However, as the name implies, this is an int Set. We don't care about duplicates, we only care about membership (which Has provides for us).
But there is another way we could store these numbers, and we could do it all within a single byte. Since a byte provides 8 bits, we can use these 8 bits as markers for values we have seen. The initial value (in binary notation) would be
00000000 == uint8(0)
If we did an AddValue(3) we could change the 3rd bit and end up with
00000100 == uint8(3)
^
|______ 3rd bit
If we then called AddValue(8) we would have
10000100 == uint8(132)
^ ^
| |______ 3rd bit
|___________ 8th bit
So after adding 3 and 8 to our IntSet we have the internally stored integer value of 132. But how do we take 132 and figure out whether a particular bit is set? Easy, we use bitwise operators.
The & operator is a logical AND. It will return the value of the bits common between the numbers on each side of the operator. For example
10001100 01110111 11111111
& 01110100 & 01110000 & 00000001
-------- -------- --------
00000100 01110000 00000001
So to find out if n is in our set we simply do
our_set_value & (1 << (value_we_are_looking_for - 1))
which if we were searching for 4 would yield
10000100
& 00001000
----------
0 <-- so 4 is not present
or if we were searching for 8
10000100
& 10000000
----------
10000000 <-- so 8 is present
You may have noticed I subtracted 1 from our value_we_are_looking for. This is because I am fitting 1-8 into our 8bit number. If we only wanted to store seven numbers then we could just skip using the very first bit and assume our counting starts at bit #2 then we wouldn't have to subtract 1, like the code you posted does.
Assuming you understand all of that, here's where things get interesting. So far we have been storing our values in a uint8 (so we could only have 8 values, or 7 if you omit the first bit). But there are larger numbers that have more bits, like uint64. Instead of 8 values, we can store 64 values! But what happens if the range of values we want to track exceed 1-64? What if we want to store 65? This is where the slice of words comes from in the original code.
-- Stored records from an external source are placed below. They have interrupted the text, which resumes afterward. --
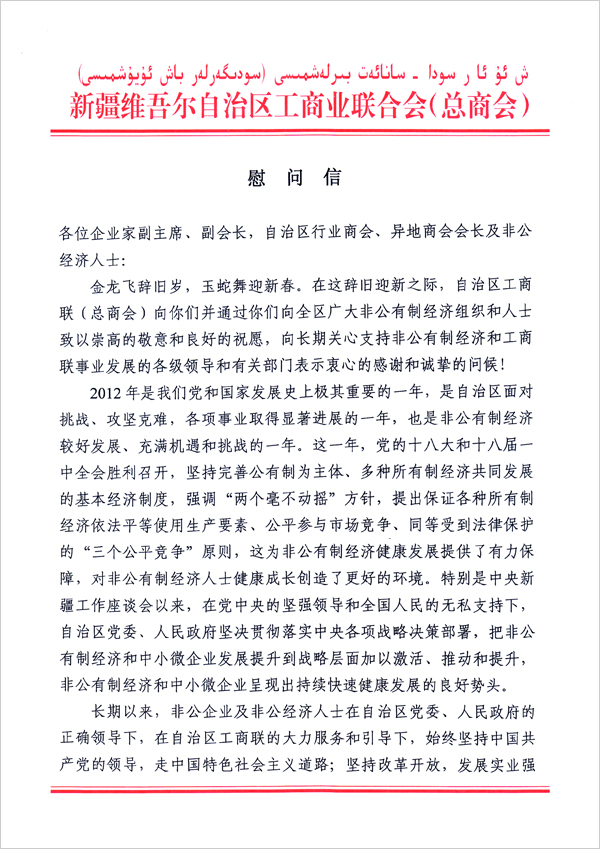 2013年1月17日,自治區工商聯黨組成員、自治區工商聯副主席努爾力•尤努斯和自治區工商聯光彩辦副主任陳風玫一行2人,春節前代表自治區工商聯主席及黨組來華春投資集團慰問企業家副會長李成功總裁并送上自治區工商聯黨組的慰問信和鮮花。
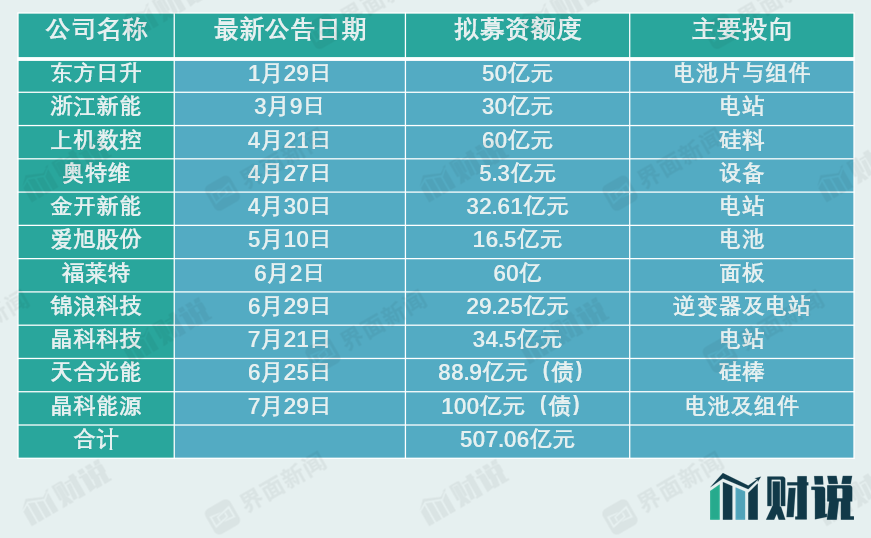 随着晶科能源(688223.SH)100亿可转换债券预案公告发布,新一轮光伏扩产拉开了序幕。据界面新闻不完全统计,今年以来有至少11家光伏企业拟通过定增或可转债的形式募集资金扩大产能,合计拟募资额为507.06亿元。光伏行业的热度可见一斑。
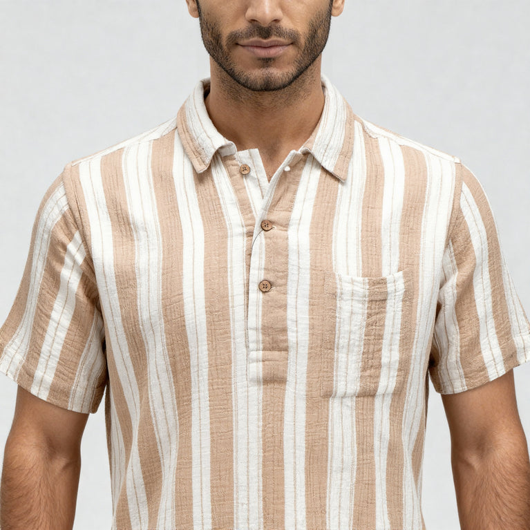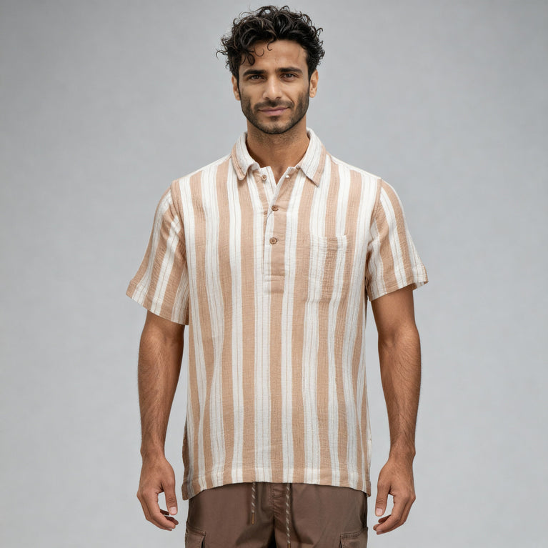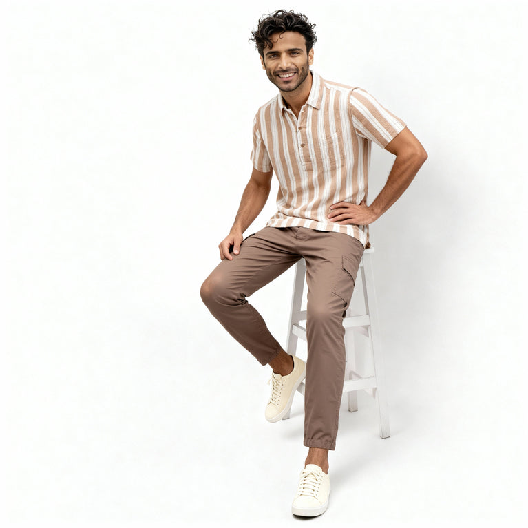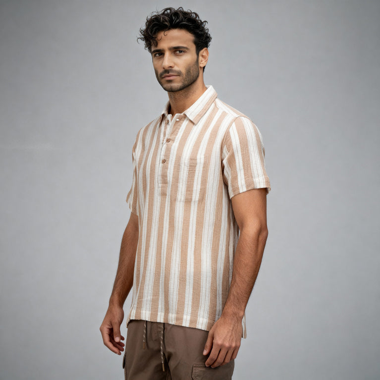 Elevate your casual wear with our Cotton Striped Polo Neck Shirt, designed for men who appreciate both comfort and style. Crafted from soft, woven cotton, this shirt features a trendy striped pattern that adds a touch of sophistication to any outfit.

Since the code posted skips the first bit, from now on I will do so as well.
We can use the first uint64 to store the numbers 1 - 63. When we want to store the numbers 64-127 we need a new uint64. So our slice would be something like
[ uint64_of_1-63, uint64_of_64-127, uint64_of_128-192, etc]
Now, to answer the question about whether a number is in our set we need to first find the uint64 whose range would contain our number. If we were searching for 110 we would want to use the uint64 located at index 1 (uint64_of_64-128) because 110 would fall in that range.
To find the index of the word we need to look at, we take the whole number value of n / 64. In the case of 110 we would get 1, which is exactly what we want.
Now we need to examine the specific bit of that number. The bit that needs to be checked would be the remainder when dividing 110 by 64, or 46. So if the 46th bit of the word at index 1 is set, then we have seen 110 before.
This is how it might look in code
type IntSet struct {
words []uint64
}
func (s *IntSet) Has(x int) bool {
word, bit := x/64, uint(x%64)
return word < len(s.words) && s.words[word]&(1<<bit) != 0
}
func (s *IntSet) AddValue(x int) {
word := x / 64
bit := x % 64
if word < len(s.words) {
s.words[word] |= (1 << uint64(bit))
}
}
And here is some code to test it
func main() {
rangeUpper := 1000
bits := IntSet{words: make([]uint64, (rangeUpper/64)+1)}
bits.AddValue(127)
bits.AddValue(8)
bits.AddValue(63)
bits.AddValue(64)
bits.AddValue(998)
fmt.Printf("%b\n", bits.words)
for i := 0; i < rangeUpper; i++ {
if ok := bits.Has(i); ok {
fmt.Printf("Found %d\n", i)
}
}
}
OUTPUT
Found 8
Found 63
Found 64
Found 127
Found 998
Playground of above
Note
The |= is another bitwise operator OR. It means combine the two values keeping anywhere there is a 1 in either value
10000000 00000001 00000001
& 01000000 & 10000000 & 00000001
-------- -------- --------
11000000 10000001 00000001 <-- important that we
can set the value
multiple times
Using this method we can reduce the cost of storage for 65535 numbers from 131KB to just 1KB. This type of bit manipulation for set membership is very common in implementations of Bloom Filters
An IntSet represents a Set of integers. The presence in the set of any of a contiguous range of integers can be established by writing a single bit in the IntSet. Likewise, checking whether a specific integer is in the IntSet can be done by checking whether the particular integer corresponding to that bit is set.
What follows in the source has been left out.